Now if we start with an $abcdef$-diagram, say $F$, we can restrict it to a $cdef$-diagram and then right Kan-extend it to a new $abcdef$-diagram. If $u\colon cdef \to abcdef$ is the inclusion, then this results in $u_\ast u^\ast F$, and we have a canonical natural transformation $\eta \colon F \to u_\ast u^\ast F$ (the unit of the adjunction $u^\ast \dashv u_\ast$). Since the square $\array{cdef & \overset{}{\to} & cdef \\ \downarrow && \downarrow\\ cdef & \underset{}{\to} & abcdef}$ is exact, the counit $u^\ast u_\ast G \to G$ is an isomorphism for any $G$, and in particular for $G=u^\ast F$, from which it follows by the triangle identities that $u^\ast F \to u^\ast u_\ast u^\ast F$ is also an isomorphism — i.e. the components of $\eta\colon F \to u_\ast u^\ast F$ at $c$, $d$, $e$, and $f$ are isomorphisms. Now if the right-hand square of $F$ is a pullback, then the restrictions of $F$ and $u_\ast u^\ast F$ to $bcef$ are both pullback squares; hence since the $cef$-components of $\eta$ are isomorphisms, so is the $b$-component. And if the left-hand square of $F$ is a pullback, then we can play the same game with $abde$ to show that the $a$-component of $\eta$ is an isomorphism, while if the outer rectangle is a pullback, we can play it with $acdf$. Hence in both of these cases, $\eta$ itself is an isomorphism, since all of its components are — and thus the remaining square in $F$ is also a pullback, since we have shown that it is so in $u_\ast u^\ast F$.

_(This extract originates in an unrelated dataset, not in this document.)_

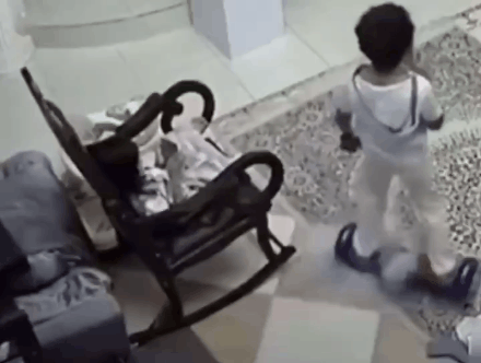 2018年8月,一户居民家中,1名小朋友在家中玩电动平衡车时车身突然开始冒烟,几秒钟之后,竟闪现火花发生爆炸。所幸男孩及时逃走,未造成伤害。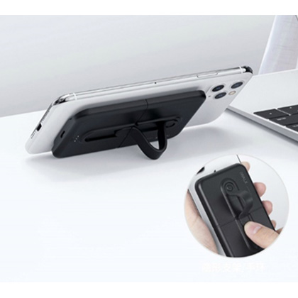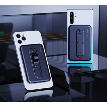 - 手のひらサイズでスタイリッシュなデザインのモバイルバッテリーに、ワイヤレス充電システムと吸着機能を組み込んだスマホホルダー。

This may seem like a slightly roundabout way to prove such a basic lemma. But its merit is that it generalizes directly to any other context in which we have a notion of “Kan extension” and “exact square” — in particular, to derivators. I won’t go into the definition of derivators today, since this post is already too long; you can find it on the nlab and in the references cited there. The most important change, when working with derivators, is that instead of exact squares we have to consider homotopy exact squares, which satisfy the analogous property for all *homotopy Kan extensions* (a.k.a. Kan extensions in $(\infty,1)$-categories). Being homotopy exact is a *stronger* property than being merely exact: the corresponding combinatorial characterization says that the functor $(y/X/z) \to W(g(y),f(z))$ induces a weak equivalence of nerves, rather than merely a bijection of connected components. (In fact, one might argue that *a priori* this is actually a *more natural* demand – why cut things off at level 0?) Fortunately, in practice it’s often also easy to verify this stronger condition, and all of the exact squares I drew above are actually homotopy exact; thus exactly the same proofs work in any derivator, and hence in any $(\infty,1)$-category.

## Re: Exact Squares

I tink I am following so far. What I still have only a vague feeling for – not having worked with this myself – is what this does for us in practice.

At derivator you write:

So I looked at homotopy exact square, which is very nice. But it still does not quite seem to provide me with convenient ways to compute homotopy limits. Or maybe I am missing something.

The first example listed there says that, as you amplified here, homotopy Kan extensions are pointwise. It’s nice to see how this relates to homotopy exactness of comma squares, but this is not a new technique for computing homotopy limits, or is it?

Similarly for the example of extension along fully faithful functors: it’s good to see the reformulation in terms of homotopy exact squares, but have we really gained a “convenient way to compute” the homotopy limit?

You probably have some examples where the computation of a concrete homotopy (co)limit is facilitated by appealing to exact square-reasoning. Could you spell one such example out?